You may be an MD but man, this is just sad. Didn't expect anything more from a Keto zealot.
Nothing.
I'm researching keto for my husband and came across this article.
Because I'm old, I lived the low fat 90s. People dropped weight left and right eating fruit, pretzels, and snackwell cookies. Nobody got diabetes or lost their feet! I'm not saying this is in any way ideal eating, but I keep coming across this assumption in the keto community that it's impossible to lose weight and sustain health on high carb, sub par diets.
This type of medically recommended low fat diet lasted for at least a decade. I remember buying fruit juice and low fat sour cream and thinking these were healthy choices. And most of my peers did the same, we are the same demographic (college educated women) that are enthusiastically choosing paleo low carb diets today. Apparently we should have sustained higher risks weight gain, diabetes, etc but this didn't play out anecdotally and I can't find any data to support what should be a huge spike in poor health in my age/gender group. But it seems education has a protective effect on health in women, and my age group is no different.
Again, low fat high sugar is not ideal, obviously, but given all of the cofounders in dietary science, the effects of eating do not seem to be clear cut, or perhaps they are less dramatic than we would like to think. This study, and the counterpoint here, suggest that to me. A 57 calorie/day (a few almonds) EE is pretty negligible, clearly doesn't sustain. I do agree that attenuation in adherence is a problem for diet studies.
On what planet is increased muscle break down considered a metabolic advantage?

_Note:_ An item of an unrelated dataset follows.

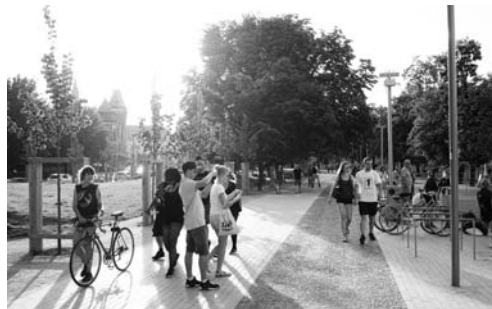
Fot. 3. Bulwar Xawerego Dunikowskiego to atrakcyjna i popularna przestrzeń publiczna

przestrzenie rekreacyjne, zbudowano amfiteatr nad rzeką z nabrzeżem cumowniczym dla małych jednostek pływających, przystań statków spacerowych oraz kładkę pieszko-rowerową pod Mostem Pokoju łączącą części bulwaru. Nadrzędną ideą projektu było fakt, że (...) sposób zagospodarowania bulwaru ma umożliwić jak najbliższy kontakt użytkowników z rzeką i widokami przeciwległego brzegu. W tym celu na całej długości bulwaru zastosowano szereg form różnicujących poziomy, dopasowanych do kształtu linii brzegowej rzeki 8 . Rozwiązania projektowe są spójne z charakterem historycznego centrum miasta oraz z samym korytem rzeki Odry, które jest regulowane i posiada (...) ceramiczne konstrukcje murowe na zaprawie cementowo-wapiennej lub w formie betonowych konstrukcji z okładziną ceramiczną (...) [Klin, Idzikowski 2008:28-29]. Bulwary są bardzo popularnym i lubianym miejscem spotkań mieszkańców i turystów, a przestrzeń ta umożliwia różne formy rekreacji. Z poziomu bulwarów otwierają się widoki na Ostrów Tumski – najstarszą, zabytkową część Wrocławia.

There were 21, not 17 people completing the study.
"A controlled 3-way crossover design involving 21 overweight and obese young adults"
I think "17" refers to the Hall study.
http://ajcn.nutrition.org/content/early/2016/07/05/ajcn.116.133561.ab...
Effects of Dietary Composition on Energy Expenditure During Weight-Loss Maintenance
https://jamanetwork.com/journals/jama/fullarticle/1199154
"REE was 67 kcal/d" versus Hall's averaged 56kcal/d.
Crazy stuff folks.
"wrong according to literally all the current evidence"
Energy Metabolism in the Liver
https://www.ncbi.nlm.nih.gov/pmc/articles/PMC4050641/
"Insulin stimulates glycolysis and lipogenesis, but suppresses gluconeogenesis"
Just absolutely crazy non-sense from an illiterate charlatan.
Fantastic. Except in the real world, where people are NOT on calorie-controlled diets, telling them to "eat less" doesn't work because the energy-dense, insulinogenic foods they're eating pack in the calories while turning on their cravings, make it nearly impossible to slowly and effectively decrease their calorie intake.
Keto diets, Intermittent Fasting, etc. are strategies for the REAL WORLD that attempt to fix the UNDERLYING issues that prevent people from being able to "eat less." A less insulinogenic diet is an attempt to decrease energy-dense processed garbage and stabilize appetite in the hopes that it will lead to a decreased calorie intake (as well as improving other health markers, obviously).
Amazing that so few understand this.